Sadly, the documents were in the main left untouched and the country has fallen further behind each year with the amount of affordable housing on offer. Now shortage of properties has almost reached crisis point and the lack of availability has served to push up the price of housing even further, and families, already under financial constraint, are feeling the squeeze. Now Prime Minister, Mr Brown, has to face the desperate situation of the housing marketplace.
He has come up with some new ideas: a new market in fixed rate, long-term mortgages; and easing local authority financial constraints – but these could take several years to bring about real change.
As the powers think, base rates continue to rise, taking mortgage interest rates with them, and consumers are feeling the pressure – many being tempted to borrow beyond their real means.
The UK often follows the US, and it may do so again into a housing disaster. There are many contributing factors. The Bank of England concentrates on controlling inflation, but, in so doing, it has allowed a bubble to develop in credit, mortgages and property prices. On top of that immigration from Eastern Europe has given more labour to the UK and helped with economic growth, but the extra numbers of people have brought more pressure onto the stock of UK housing and onto social services. Another factor is that private sector house builders have not moved quickly enough to cater for the needs of people looking for new homes. There has also been to much time and money spent on high density apartment blocks, but most people aspire to traditional family homes and not enough have been built. Finally, the Bank has warned about people taking our mortgages beyond their means and the threat that poses to financial stability. This continues to happen despite the interest rate rises of late.

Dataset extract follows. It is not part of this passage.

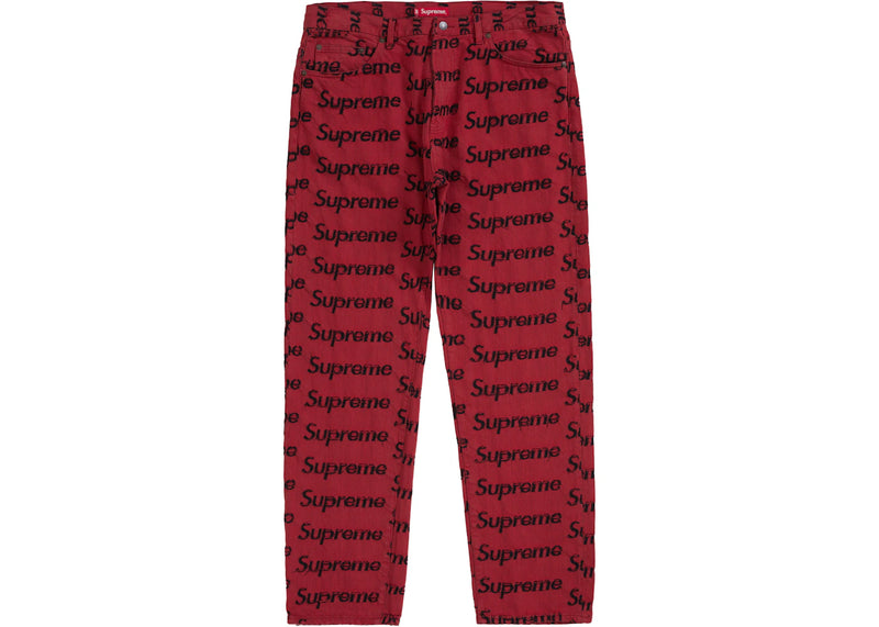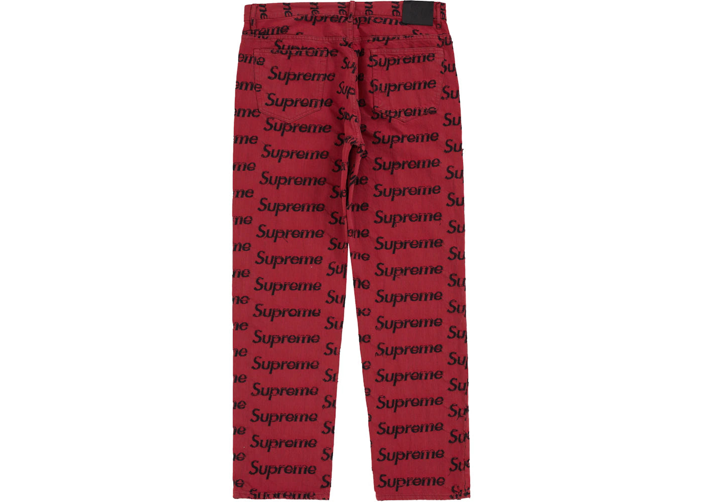 The Supreme Frayed Logos Regular Jean Red is now available at Side Kicks!

Up to mid 2004 house prices has gone up by 20% and the Bank’s Monetary Policy Committee (MPC) took rates up from 4% to 4.75%, which did the jobs and the boom eased off. Then in August 2005, interest rates dropped to 4.5% and the property market took off again. Now, even five quarter point rises later, the property market is continuing upward.

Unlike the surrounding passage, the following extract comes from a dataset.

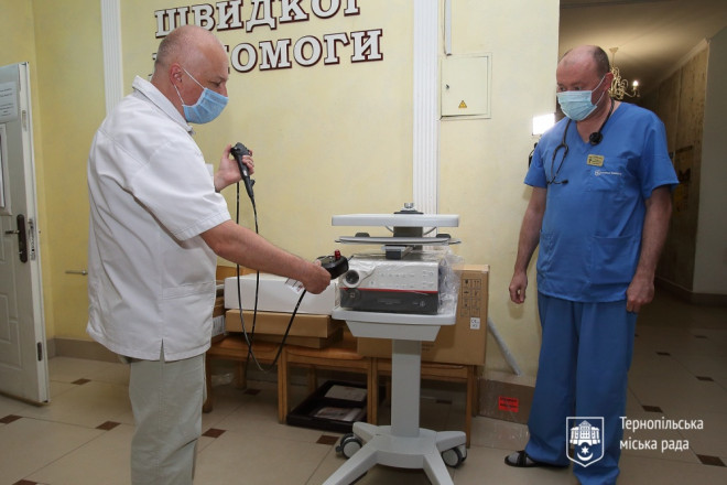 Медики Тернопільської міської комунальної лікарні швидкої медичної допомоги отримали у роботу сучасний відеобронхоскоп. За допомогою відеобронхоскопу медики зможуть швидко обстежувати дихальні шляхи пацієнта, встановити точний діагноз, взяти матеріал на дослідження (гістологія, цитологія) та виконувати лікувальні маніпуляції.

The Council of Mortgage Lenders this week issued figures that showed that first-time buyers have never had a harder time to buy their first property. They have to borrow on average 3.37 times their income – a record high – and mortgage interest represents 19.1% of income – the highest for 20 years.
Those already with mortgages are faced with ever increasing repayments – either straight away if on any sort of a variable rate, or soon if they are on fixed rates that are coming to the end of the deal period. This latter group have yet to be hit by the mortgage interest rate increases and will feel the shock hard when it hits.
Mr Brown would like to get a more US-style housing market with more and longer fixed rate mortgages – up to 25 years. The problem is that the US experience has shown that not many people actual stick to those deals and as soon as the interest rate drops, they try to switch to a better deal.
Another problem in the UK is the large difference between regions; for example London prices have been rocketing while others have stagnated or even fallen. There are thousands of bonus millionaires created in London most years and they push the price of property up. Meanwhile, most people find it more and more difficult to find anywhere in the capital that they can afford to buy.
One reason the UK housing market has been kept buoyant has been the high demand, but relatively low supply. Around 223,000 new houses are needed every year to match demand, but the recent average has been only 160,000. The planning process has been held to blame and Mr Brown would like to see changes in that area to simplify matters. There is, however, some feeling that developers with land and planning permission would rather sit on the land and watch its value grow rather than build too soon.
It has been estimated that Britain’s household numbers have increased by 900,000 since 2004, but only 600,000 new houses have been built. Such a shortage would easily lead to the sort or price rises we have seen. When interest rates were low, rising house prices seemed like a good thing, but with both rising affordability becomes an issue for everyone. Lenders have not held back on lending to the sub-prime market, but this can lead to people borrowing more than they can afford.
With so many people struggling to finance their basic need of a home, a correction in prices can only be around the next corner.